FOM: Boolean algebra vs Boolean ring

Vaughan Pratt pratt at cs.Stanford.EDU
Tue Mar 10 14:31:48 EST 1998


(My apologies for the very delayed response to the following, which I
noticed in passing at the time but was too preoccupied with other
matters to respond to.)

From: Stephen G Simpson 1/31/98 4:04PM
>Note first that Boolean algebras are not isomorphic to Boolean rings.

This is only true for those who find the distinction useful, which
many people don't.  For one thing the Boolean algebra operations (those
composable from whatever basis you choose to start from) are identical
to the Boolean ring operations.  And the equations governing those
operations are also identical.  In the respects of language and theory
therefore, Boolean algebras are not just isomorphic to Boolean rings,
they *are* Boolean rings.  The distinction is at best "psychological"
as Sol Feferman allowed in a November posting.

Marshall Stone initially regarded rings as a helpful analogy in viewing
logic algebraically.  But halfway through writing his celebrated 1936
paper on what is now known as the Stone duality of Boolean algebras and
Stone spaces, it dawned on him that Boolean algebras *were* Boolean rings.
This realization led him to rewrite a large portion of his paper.  In a
subsequent paper he treated the corresponding duality for intuitionistic
logic.

It is understandable, in fact I suppose necessary, that those failing to
appreciate intuitionism from the algebraic point of view will also fail
to appreciate it as seen through the "mirror" of Stone duality.  I have
found both the algebraic view and its "geometric" dual a great source of
insight into both classical and intuitionistic logic.

Simpson:
>Historically, where did "Boolean algebra" and "Boolean ring" come
>from?  Boolean algebra was invented by George Boole in order to
>analyze logical reasoning, what we now call propositional logic.  The
>notion of Boolean ring was invented much later, by nameless ring
>theorists, for their own purposes.  One of their purposes was to
>subsume Boolean algebra under ring theory, in order to be able to say
>that "logic is just a branch of ring theory", as one prominent
>algebraist told me.  This is incredibly crass, because it ignores
>Boole's original motivation.

Marshall Stone is not nameless, nor was he (at least initially) writing
as a ring theorist when developing Stone duality.

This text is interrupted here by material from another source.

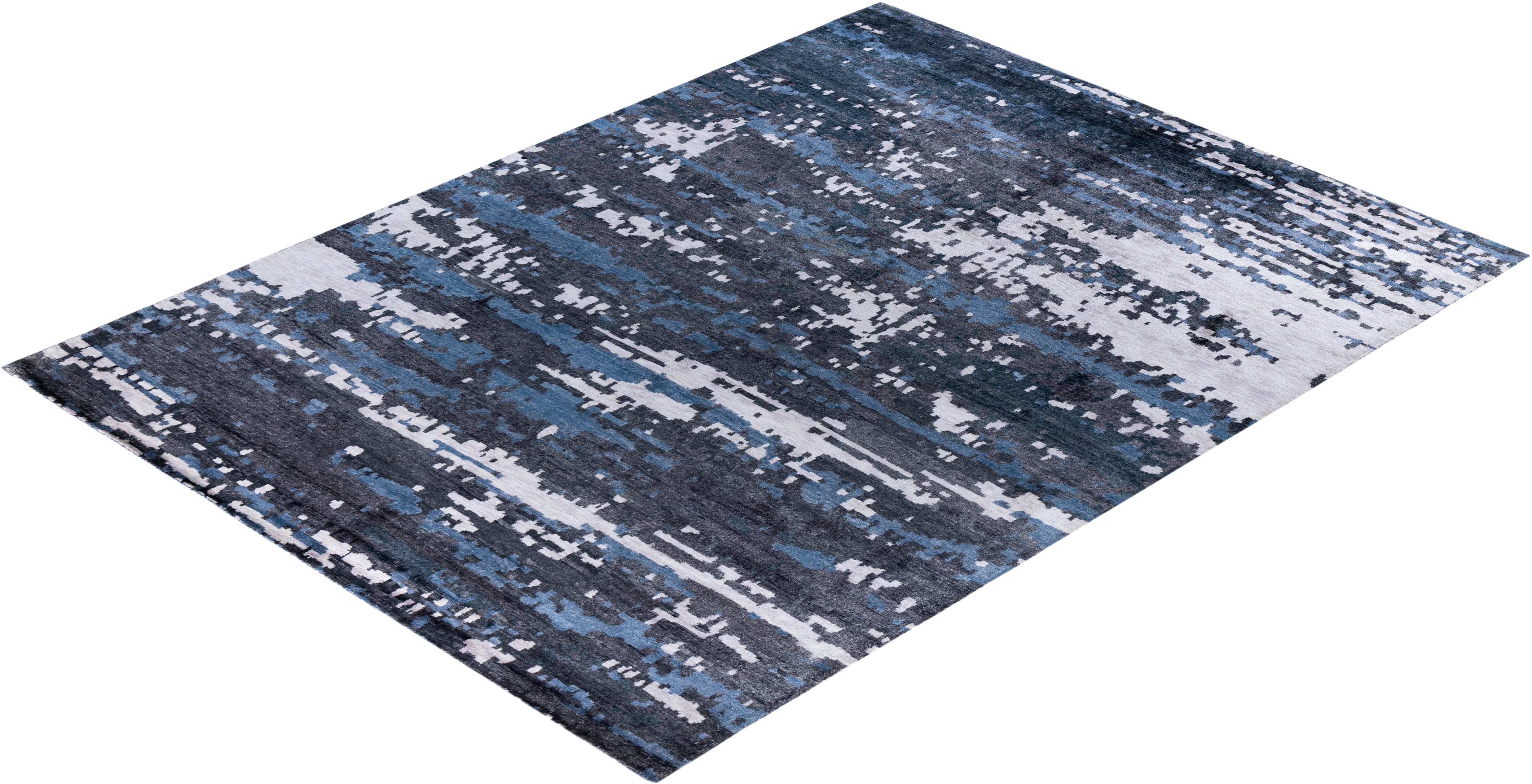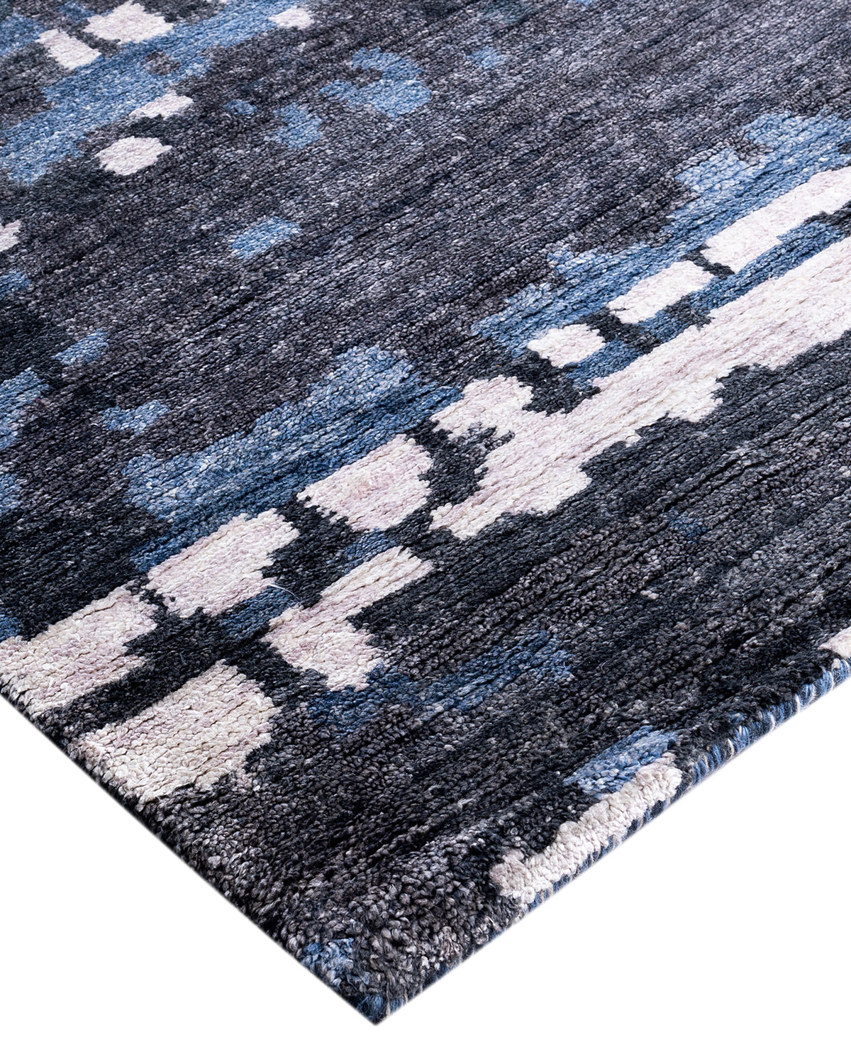 Contemporary Modern Hand Knotted Abstract Silk Black Area Rug 9' 1" x 12' 1"

Whenever I hear X claiming that Y wrote Z for X's own purposes, I now
automatically translate it to "X doesn't understand Z."  In 1979 the
extant completeness proofs for Segerberg's axiomatization of propositional
dynamic logic (including my own, "A Near-Optimal Method for Reasoning
About Actions," JCSS, 20:2, 231-254, April, 1980) all struck me as
too baroquely complex to understand.  I tried translating the gist of
the argument into other frameworks, and eventually, following up tips
from Jonas Makowsky and Dexter Kozen, found that the universal algebra
setting permitted reducing most of the lemmas to well known algebraic
facts, leaving only half a page of argument as the novel part of the
proof ["Dynamic Algebras and the Nature of Induction," Proc. 12th ACM
Symposium on Theory of Computing, 22-28, May 1980].  This was something of
an epiphany for me, so I was greatly distressed when some of my closest
colleagues declined to accept this as a proof of the theorem, viewing it
instead as an exercise in algebra having no significant bearing on the
question I claimed to have answered.  As far as I was concerned it was
the first proof of the theorem short and clear enough for me to believe.